In order to verify the necessity of this study, we do some comparative experiments to verify that the proposed algorithm is more suitable for our RSI security distribution task from different perspectives. Specifically, we selected six deep information hiding algorithms [8,11,12,20,24,35] that are close to the idea and method of the algorithm in this paper. They only completed the process of hiding pictures in pictures, without special design for RSI. Therefore, in order to make the comparison fair, we only compared some performance indicators that were tested jointly in these papers, including stego visual quality, extracted RSI visual quality, and detection resistance.

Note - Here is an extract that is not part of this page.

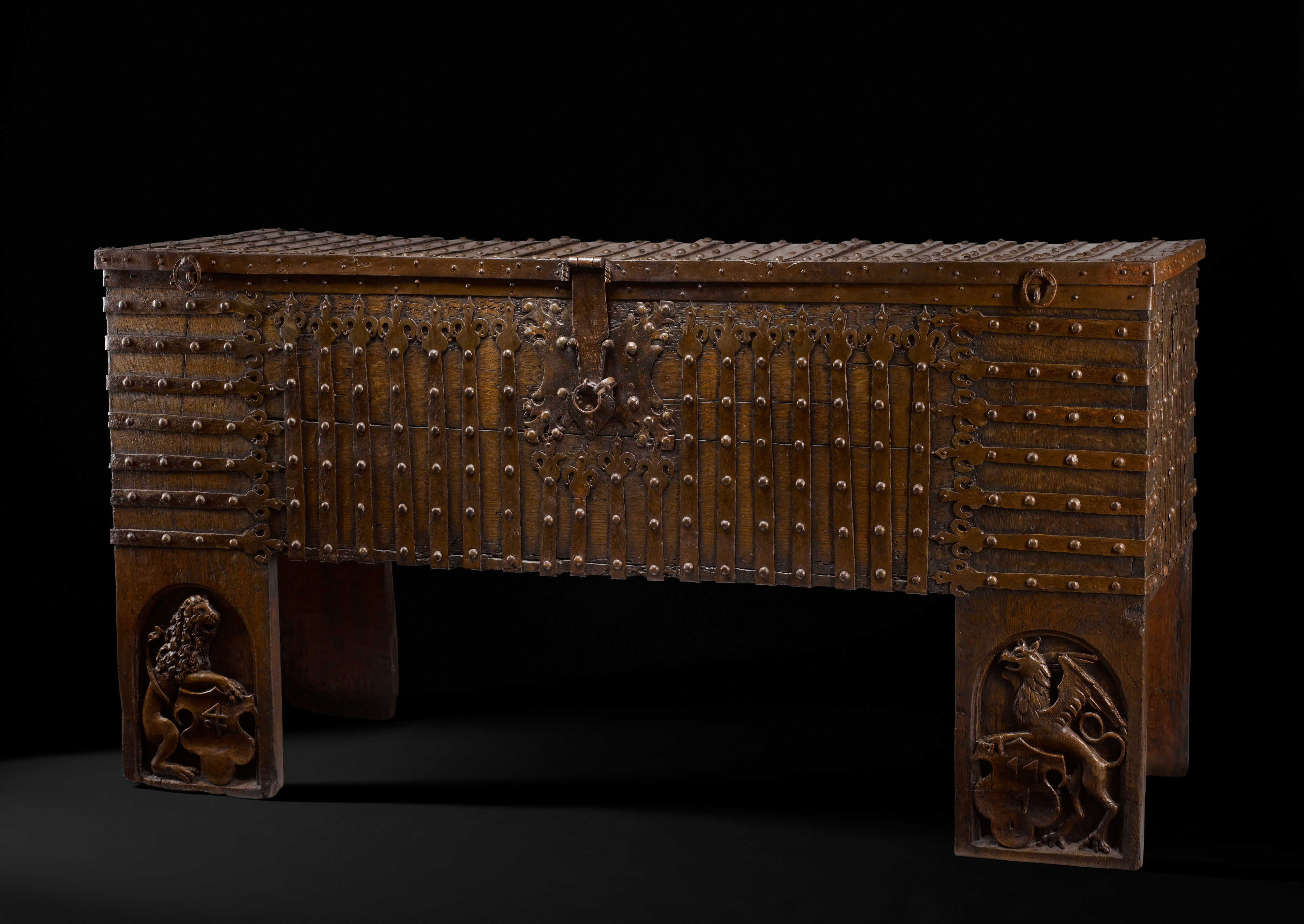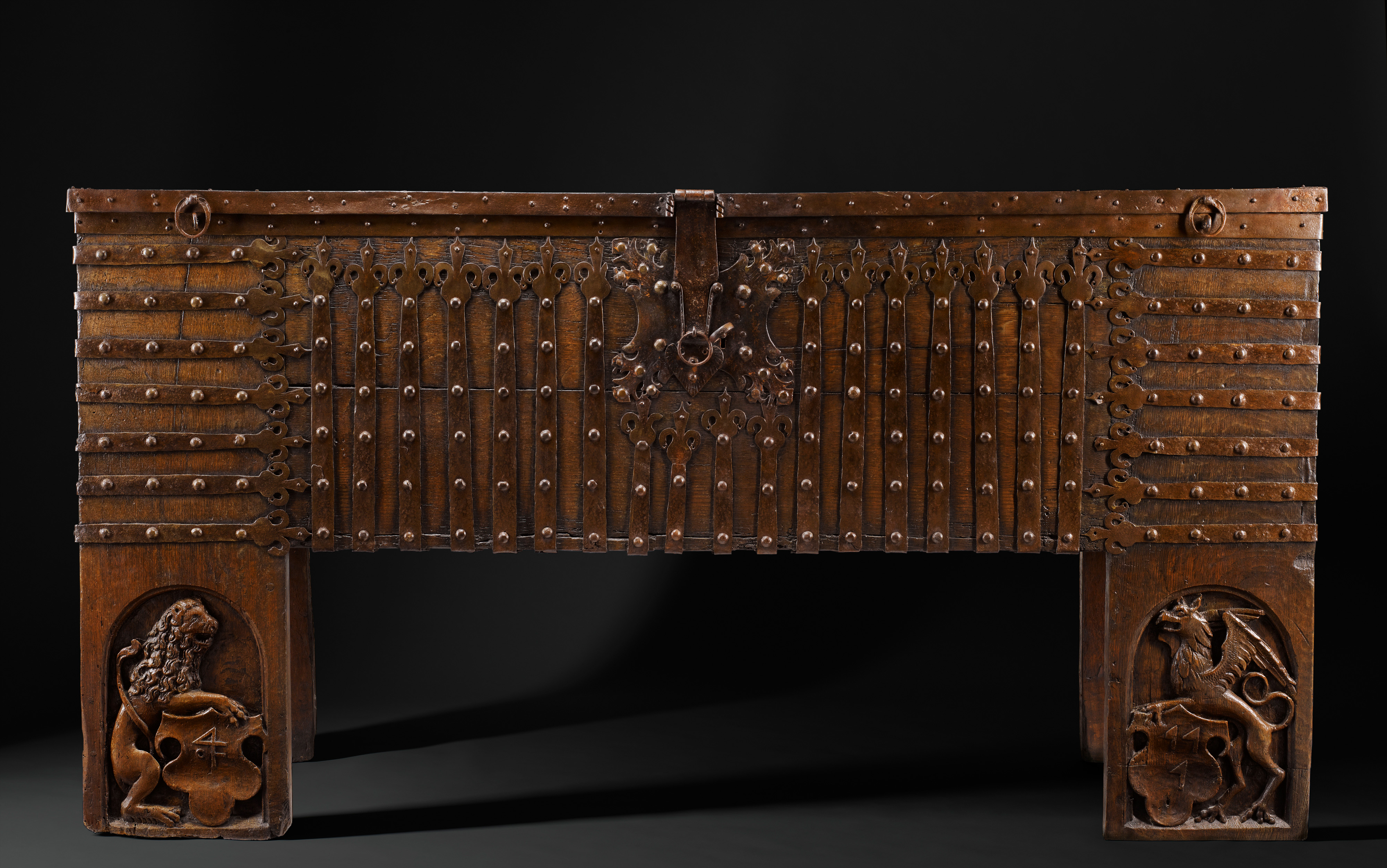 Below the floor of the chest, the two front legs are finely carved on the front face, in low relief with a arched ’panel’ depicting on the left a lion and on the right a griffin, each holding a coat of arms.

In the experiment, we replicated schemes mentioned above and tested them with the same cover and RSI. The experimental results are shown in Table 4. According to the experimental results, the proposed algorithm achieves the best visual effect and anti-YeNet analysis ability, which is mainly due to the PN and PAM module designed in this paper according to the characteristics of RSI and the addition of DN network, which is further verified in the subsequent ablation experiment.

4.6. Ablation Experiments

In our study, we incorporated the Position Attention Module (PAM) and the Perceptual Network (PN) into our Inception Network-based architecture to dynamically refine the distribution of Remote Sensing Image (RSI) data. The PN within our framework serves to enhance the embedding ability of the Encoder Network (EN) by progressively approximating the visual characteristics and distribution of the cover images, and to improve the restoration capability of the Revealing Network (RN) by ensuring the recovered images closely match the visual and semantic qualities of the RSI.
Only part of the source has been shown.